Is your glass half full or half empty? Do you find something positive no matter what or only have negative thoughts? Does the way you think have an effect on your health?  POSITIVELY!

 

This is an easy question for me to answer personally. I have always been a “glass half full” kind of person.  No matter how bad you think things are or can be, there is always something good if you search hard enough. I may not always like what is going on around me, but I know deep down, there is also something good.

 

Being a pessimistic thinker can affect your over -all health and well being starting with your outlook on life. If you see partly cloudy skies, then you expect it to rain and maybe even cancel your plans. Then you might feel depressed that you can’t go outside. Studies have shown that pessimism has been linked to a decrease in physical functioning, mental health problems, pains and chronic illnesses.  With feelings of low self esteem this can lead to depression which can spiral to hostility, a poor diet, loss of sleep, weight gain, high blood pressure and ultimately a lower immune system.

 

When you view your glass half full, as an optimist, people tend to have a better outlook on life and work to take better care both physically and emotionally.
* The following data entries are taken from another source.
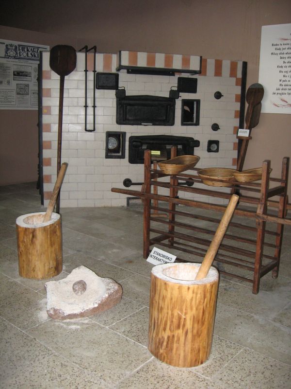 Stanowisko interaktywne w Szreniawie. Na zdjęciu widoczne stępy ręczne do produkowania kaszy. Stępy z drążonej kłody.
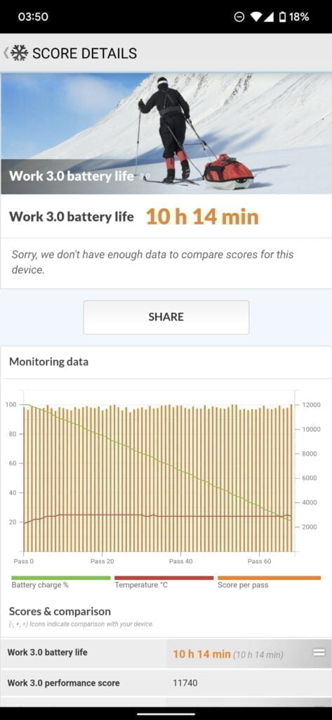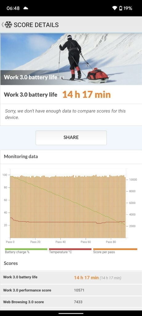 For the PCMark battery test, it scored good results, better than the likes of the OnePlus 9 Pro, but not as good as the S21 Ultra.
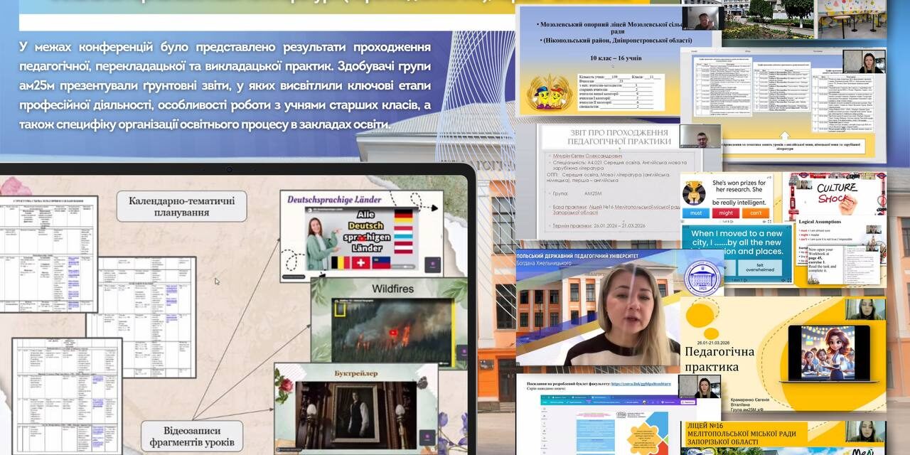 📖📌У межах конференцій було представлено результати проходження педагогічної, перекладацької та викладацької практик. Здобувачі групи ам25м презентували ґрунтовні звіти, у яких висвітлили ключові етапи професійної діяльності, особливості роботи з учнями старших класів, а також специфіку організації освітнього процесу в закладах освіти.
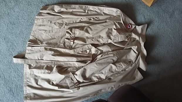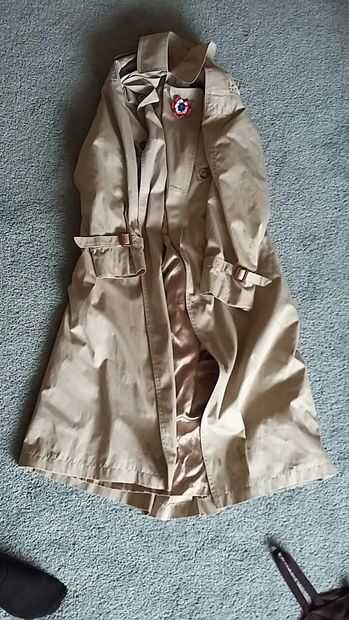 consegui esto fuera de ebay para aproximadamente £3,00 y envío de £1,50, y es una marca cara y una extra grande zamarro, como mujer trench abrigos no alcanzan el piso (¿por qué?!). I luego deagged arriba y abajo mi jardín a ensuciarla y hacer parecer peor para el desgaste. Trabajó. No quería romper porque parecía demasiado falso. También añadí una escarapela.

This positive outlook will then assist with regular exercise, healthier diets, a lower risk of heart disease and cancer and better preventive care.  The overall benefits can include lower rates of depression, better immune system, better coping skills, lower stress levels and better overall psychological and physical well-being. A better immune system may assist in the prevention or treatment of Male Breast Cancer or any illness.

 

So how do you change or become an optimist? The first step is to create positive thoughts which can be assisted through meditation or spiritual guide books. This doesn’t mean you shouldn’t be a realist, but how you approach a situation, the thoughts you have to identify and resolve life’s difficulties will make the difference. Martin Seligman, a psychologist at the Positive Psychology Center at the University of Pennsylvania has even gone so far as to create an optimism test and believes the re-thinking process to be as easy as ABCDE.

 

In order to make changes to the way you think, you must first identify what areas of negative thoughts you need to make the most changes to; is it work, relationships, your health or your own self esteem? Check in with yourself and be aware of your (negative) thought and how you can change it to be a positive one. Surround yourself with positive people as they will be more helpful, offer good advice and be supportive. Most importantly, remember to laugh, especially during challenging times. You’ll feel less stressed!

 

So are the skies partly cloudy and you’re expecting rain or partly sunny with a day filled with sunshine? Is any percentage of rain a reason not to plan an outdoor activity or do you plan and hope the weather holds out? I choose to plan and hope for the best, and if it rains while I’m outside, then I might get a little wet, but hopefully I also brought my umbrella, just in case!